Rumors have been swirling for weeks that Freescale would be scaling back on its i.MX roadmap, though the firm itself vehemently denies planning to get rid of the product line entirely.
Communications Manager for Freescale Rob Hatley said the confusion may have resulted from the fact that Freescale recently announced several changes after an “extensive, strategic review of the business,” but said the firm continued to support the i.MX line and see “strong acceptance for this portfolio.”
Hatley said Freescale was simply sharpening its focus, but admitted that “unfortunately, there are some employees who will be affected by these changes.”
Freescale itself is not disclosing the specific numbers of layoffs, but a recent report in Israel’s Globes business news said the firm’s local division was laying off “100-200 of its 500 employees.”
Globes said those layoffs were centered around two departments - the DSP department and the multimedia chip department (which includes i.MX 7). Sources have also claimed AMD has hired the team Freescale let go in Israel to take a run at the high end SoC app processor market, though those rumors have yet to be confirmed.
Freescale’s strategy shift does make sense.
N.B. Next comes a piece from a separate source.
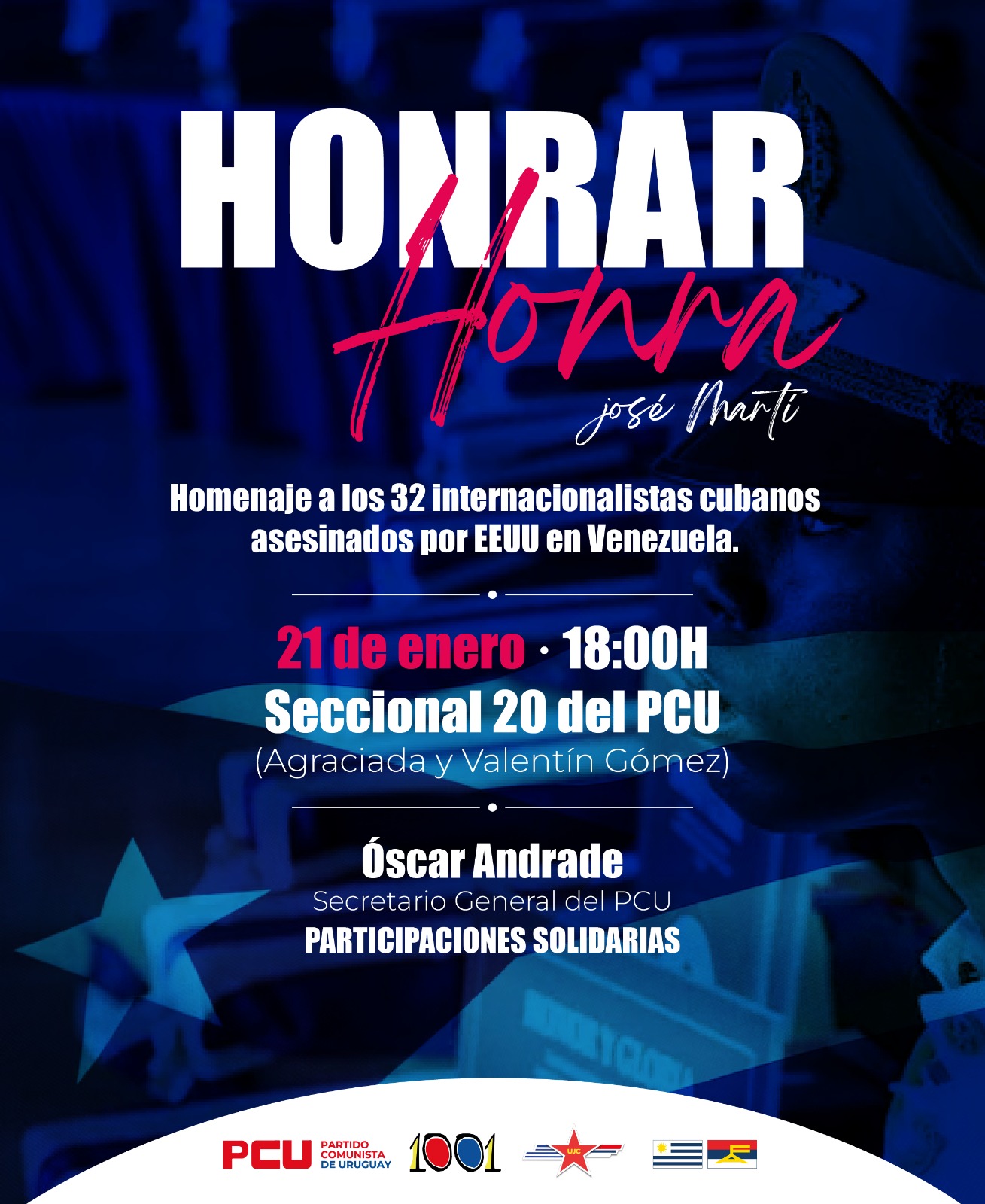 Este miércoles 21 de enero, a las 18 horas, en el histórico local del Seccional 20, el Partido Comunista de Uruguay (PCU) y la Unión de la Juventud Comunista (UJC) convocan a un homenaje a los 32 internacionalistas cubanos asesinados por EEUU en la agresión a Venezuela el pasado 3 de enero.
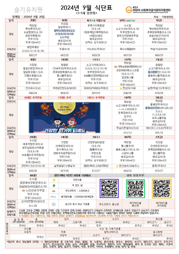 ★ 2024년 9월 식단표 ★ 페이지 정보 작성자 슬기유치원 작성일24-08-30 13:54 조회6,974회 댓글0건 관련링크 이전글 다음글 목록 본문 댓글목록 등록된 댓글이 없습니다. 이전글 다음글 목록

In an industry already over served with strong ARM processors, there is precious little market to go around for more than just the top players.
Even Texas Instruments recently admitted this by realigning its OMAP strategy, in similar fashion to Freescale.
Development costs for the high end chips run into the tens of millions of dollars for players serving the high end market, which has led to a situation where only around four top players can compete and justify the cost,
Nvidia, Qualcomm, Samsung and Apple have managed to carve out the most lucrative niche of the high powered mobile processing market, leaving smaller players to fight over the scraps.
Freescale also continues to be massively burdened by debt, much of it incurred from the high R&D costs it has needed to try to keep pace.
The firm’s new strategy seems to be a more viable one, honing in on the higher volume, lower price chip market for the Internet of Things.
“Freescale’s i.MX 6 product line has been extremely strong, with a broad array of design wins secured with leading manufacturers across a range of application spaces,” Hatley said.
In short, sometimes you have to amputate a finger to save the hand.
Mobile. It’s a great market to be in if you’re a winner, a terrible market to be in if you’re not.